Whosoever has firmly accepted this _censorship_ as the chief motive for
the distortion of dreams will not be surprised to learn as the result of
dream interpretation that most of the dreams of adults are traced by
analysis to erotic desires. This assertion is not drawn from dreams
obviously of a sexual nature, which are known to all dreamers from their
own experience, and are the only ones usually described as "sexual
dreams. " These dreams are ever sufficiently mysterious by reason of the
choice of persons who are made the objects of sex, the removal of all
the barriers which cry halt to the dreamer's sexual needs in his waking
state, the many strange reminders as to details of what are called
perversions. But analysis discovers that, in many other dreams in whose
manifest content nothing erotic can be found, the work of interpretation
shows them up as, in reality, realization of sexual desires; whilst, on
the other hand, that much of the thought-making when awake, the thoughts
saved us as surplus from the day only, reaches presentation in dreams
with the help of repressed erotic desires.
Towards the explanation of this statement, which is no theoretical
postulate, it must be remembered that no other class of instincts has
required so vast a suppression at the behest of civilization as the
sexual, whilst their mastery by the highest psychical processes are in
most persons soonest of all relinquished. Since we have learnt to
understand _infantile sexuality_, often so vague in its expression, so
invariably overlooked and misunderstood, we are justified in saying that
nearly every civilized person has retained at some point or other the
infantile type of sex life; thus we understand that repressed infantile
sex desires furnish the most frequent and most powerful impulses for the
formation of dreams. [1]
If the dream, which is the expression of some erotic desire, succeeds in
making its manifest content appear innocently asexual, it is only
possible in one way. The matter of these sexual presentations cannot be
exhibited as such, but must be replaced by allusions, suggestions, and
similar indirect means; differing from other cases of indirect
presentation, those used in dreams must be deprived of direct
understanding. The means of presentation which answer these requirements
are commonly termed "symbols. " A special interest has been directed
towards these, since it has been observed that the dreamers of the same
language use the like symbols--indeed, that in certain cases community
of symbol is greater than community of speech. Since the dreamers do not
themselves know the meaning of the symbols they use, it remains a puzzle
whence arises their relationship with what they replace and denote. The
fact itself is undoubted, and becomes of importance for the technique of
the interpretation of dreams, since by the aid of a knowledge of this
symbolism it is possible to understand the meaning of the elements of a
dream, or parts of a dream, occasionally even the whole dream itself,
without having to question the dreamer as to his own ideas. We thus come
near to the popular idea of an interpretation of dreams, and, on the
other hand, possess again the technique of the ancients, among whom the
interpretation of dreams was identical with their explanation through
symbolism.
Though the study of dream symbolism is far removed from finality, we now
possess a series of general statements and of particular observations
which are quite certain. There are symbols which practically always have
the same meaning: Emperor and Empress (King and Queen) always mean the
parents; room, a woman[2], and so on. The sexes are represented by a
great variety of symbols, many of which would be at first quite
incomprehensible had not the clews to the meaning been often obtained
through other channels.
There are symbols of universal circulation, found in all dreamers, of
one range of speech and culture; there are others of the narrowest
individual significance which an individual has built up out of his own
material. In the first class those can be differentiated whose claim can
be at once recognized by the replacement of sexual things in common
speech (those, for instance, arising from agriculture, as reproduction,
seed) from others whose sexual references appear to reach back to the
earliest times and to the obscurest depths of our image-building. The
power of building symbols in both these special forms of symbols has not
died out. Recently discovered things, like the airship, are at once
brought into universal use as sex symbols.

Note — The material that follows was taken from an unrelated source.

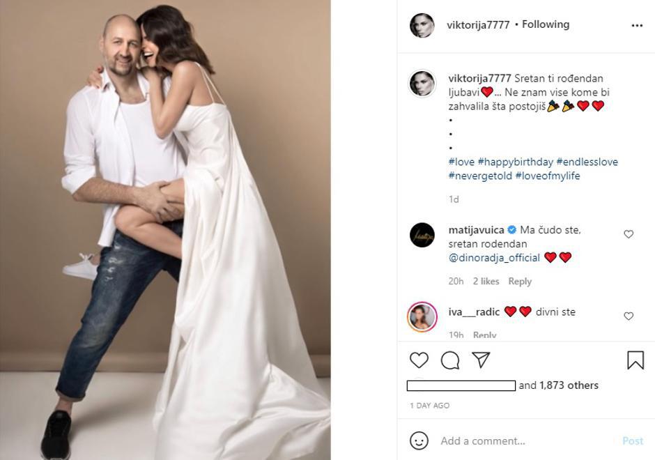 - Sretan ti rođendan ljubavi... Ne znam više kome bi zahvalila šta postojiš - napisala je Viktorija u opisu fotografije na kojoj pozira sa suprugom. Objava je ganula njezine brojne pratitelje, a ispod fotografije zaredale su se čestitke, ali i komentari na račun izgleda sretnih supružnika.

It would be quite an error to suppose that a profounder knowledge of
dream symbolism (the "Language of Dreams") would make us independent of
questioning the dreamer regarding his impressions about the dream, and
would give us back the whole technique of ancient dream interpreters.
Apart from individual symbols and the variations in the use of what is
general, one never knows whether an element in the dream is to be
understood symbolically or in its proper meaning; the whole content of
the dream is certainly not to be interpreted symbolically. The knowledge
of dream symbols will only help us in understanding portions of the
dream content, and does not render the use of the technical rules
previously given at all superfluous. But it must be of the greatest
service in interpreting a dream just when the impressions of the dreamer
are withheld or are insufficient.
Dream symbolism proves also indispensable for understanding the
so-called "typical" dreams and the dreams that "repeat themselves. "
Dream symbolism leads us far beyond the dream; it does not belong only
to dreams, but is likewise dominant in legend, myth, and saga, in wit
and in folklore. It compels us to pursue the inner meaning of the dream
in these productions. But we must acknowledge that symbolism is not a
result of the dream work, but is a peculiarity probably of our
unconscious thinking, which furnishes to the dream work the matter for
condensation, displacement, and dramatization.
[1] Freud, "Three Contributions to Sexual Theory," translated by A. A.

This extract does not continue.